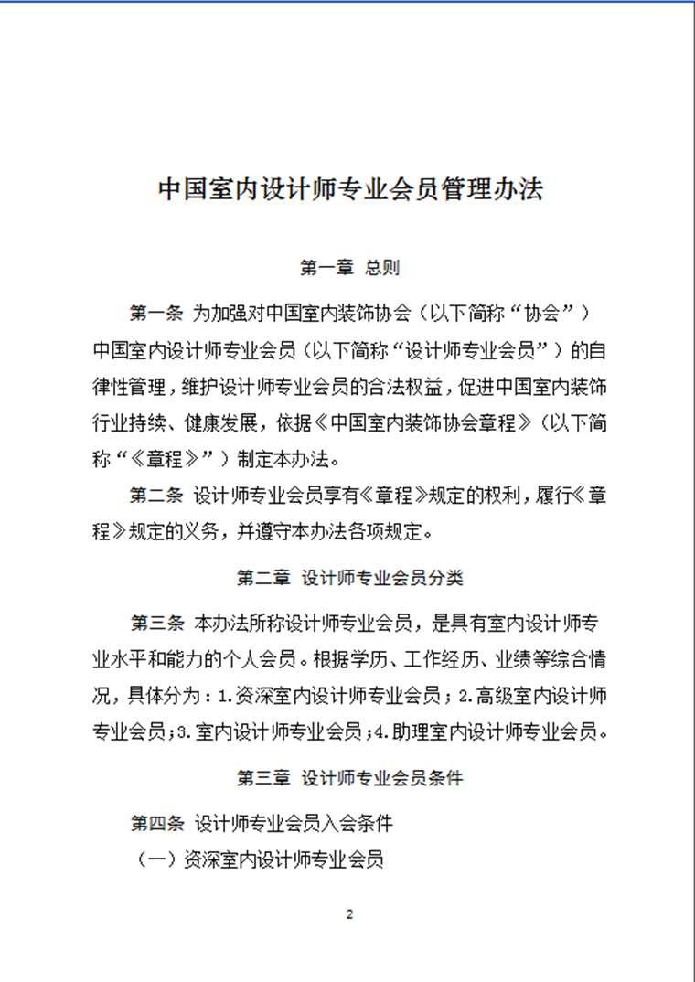 • 关于印发《中国室内设计师专业会员管理办法》的通知
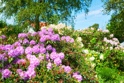 Garden, growth and environment with flowers in nature for spring, eco friendly and blooming. Ecology, sustainability and blossom with rhododendron plants outdoor for ecosystem, floral and foliage
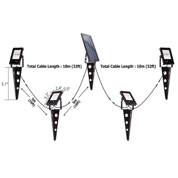 - Ultra-thin FOUR independent light heads connected to the solar panel with TWO 10m cables [5m between each head, as per photo].
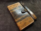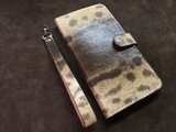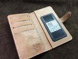 すべて手縫いで作った他機種対応の手帳型タイプのスマートフォンケースです。
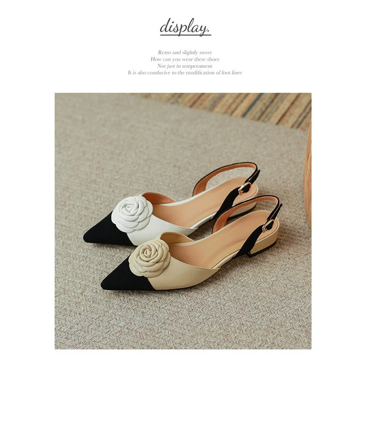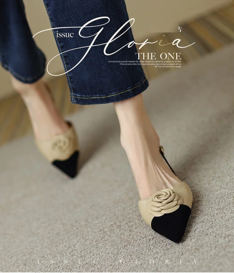 2022 Summer/Spring Women Shoes Split Leather Pointed Toe Women Sandals Mixed Colors Chunky Heel Shoes for Women Soft Low Heels
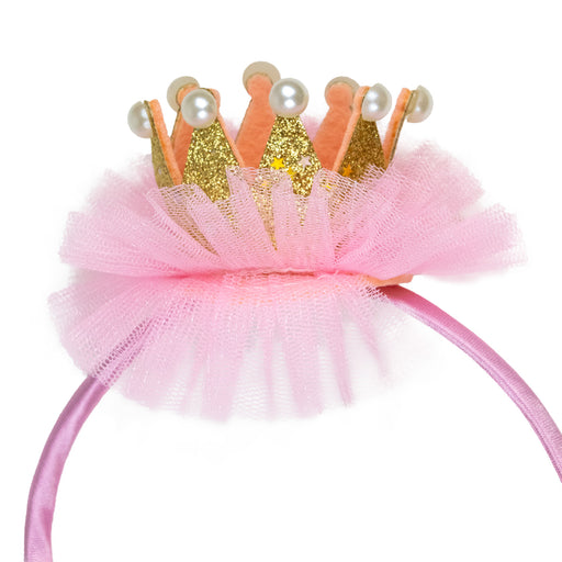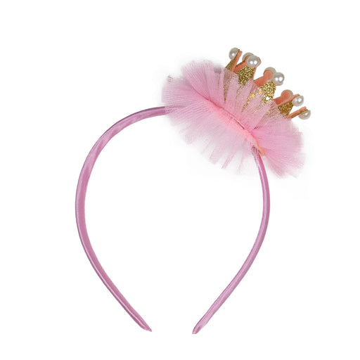 Vollständige Details anzeigenPrinzessin Glitzer Krone mit Perlen und Rüschen | Haarreif Rosa
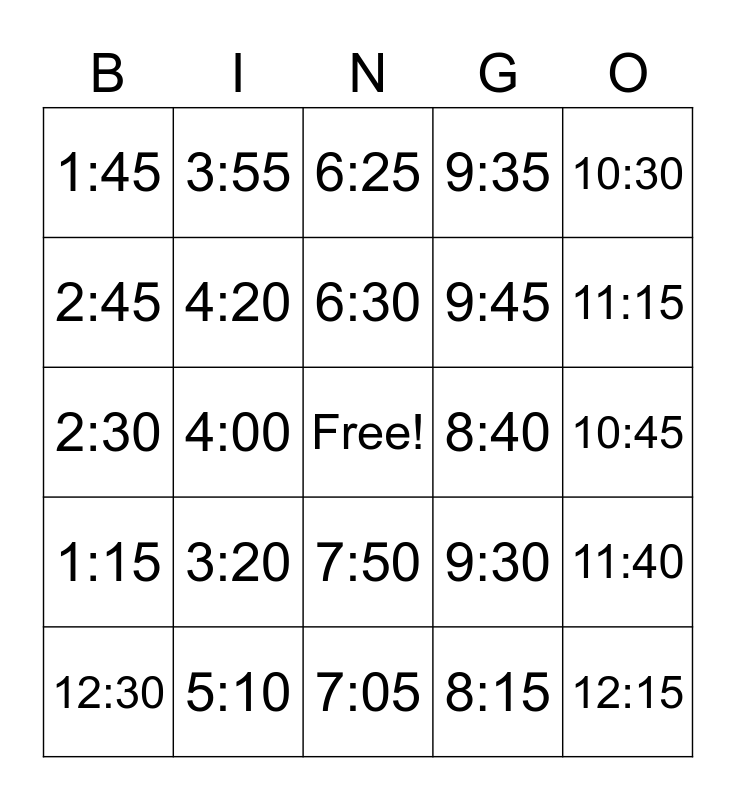 This bingo card has a free space and 24 words: 12:30, 3:20, 6:30, 8:15, 10:30, 1:45, 3:55, 6:25, 8:40, 10:45, 2:30, 4:20, 9:30, 11:40, 2:45, 5:10, 7:05, 9:35, 11:15, 1:15, 4:00, 7:50, 9:45 and 12:15.

┄┄┄┄┄┄┄┄┄┄

All entries must be written out again exactly as given, with no pictures in the copy.

[Solution below]
 • 关于印发《中国室内设计师专业会员管理办法》的通知
 Garden, growth and environment with flowers in nature for spring, eco friendly and blooming. Ecology, sustainability and blossom with rhododendron plants outdoor for ecosystem, floral and foliage
 - Ultra-thin FOUR independent light heads connected to the solar panel with TWO 10m cables [5m between each head, as per photo].
 すべて手縫いで作った他機種対応の手帳型タイプのスマートフォンケースです。
 2022 Summer/Spring Women Shoes Split Leather Pointed Toe Women Sandals Mixed Colors Chunky Heel Shoes for Women Soft Low Heels
 Vollständige Details anzeigenPrinzessin Glitzer Krone mit Perlen und Rüschen | Haarreif Rosa
 This bingo card has a free space and 24 words: 12:30, 3:20, 6:30, 8:15, 10:30, 1:45, 3:55, 6:25, 8:40, 10:45, 2:30, 4:20, 9:30, 11:40, 2:45, 5:10, 7:05, 9:35, 11:15, 1:15, 4:00, 7:50, 9:45 and 12:15.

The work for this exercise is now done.